BTW we have been waving all all M/H's including 2 RV's we saw on our first trip> All waved back with the exeption of the 2 RV's

Richard...


----------



## 103066

We wave at everything too, including a horse carriers we saw last week that looked like a motorhome from the front! We're trying to perfect our mexican wave!


----------



## artona

Hi 

Jessica loves waving and can manage to keep her little hand going for at least 100 miles. She is not worried whether its a cyclist or an RV she is waving at.


stew


----------



## 98452

Dogs used to be a talking point when we were caravanners :lol: :lol:

Shane I join the wave meet :wink: :wink:


----------



## clianthus

My Grandson likes to sit in the suicide seat of our LHD and wave with both hands!!

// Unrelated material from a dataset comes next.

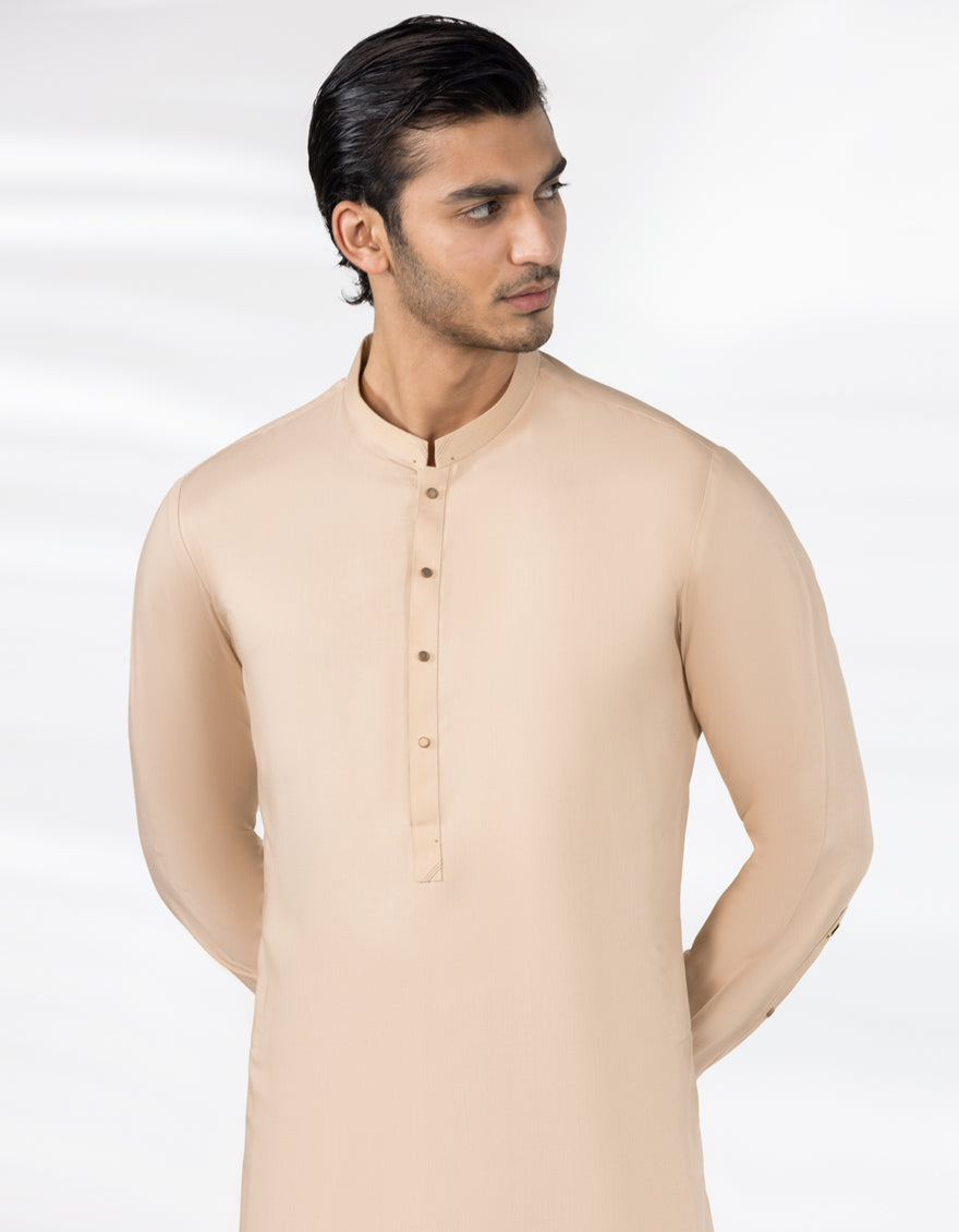 Designed for a sharper, more structured appearance, this Fawn Blended Kurta Trousers set offers a modern fit with clean lines. The kurta features subtle detailing, while the straight-cut trousers ensure a neat silhouette. Perfect for events, workdays, or weekend wear.

That certainly makes them notice us, but we tend to get a look of sheer terror before the wave 

:lol: :lol:


----------



## parigby

I introduced my grandson to waving at other MoHomes. 

My daughter now complains that he waves at every Mohome and Caravan when she is out with him in the car, and when she challenges him as to why, he sternly informs her that Granda says it's the polite and right thing to do.


regards ..... philip


----------



## Bryan

I wave at all motorhomes be they tiny little ones or great big ones, I'm happy to say that some of them wave back. Some times I get it wrong and wave at a horsebox but I don't care.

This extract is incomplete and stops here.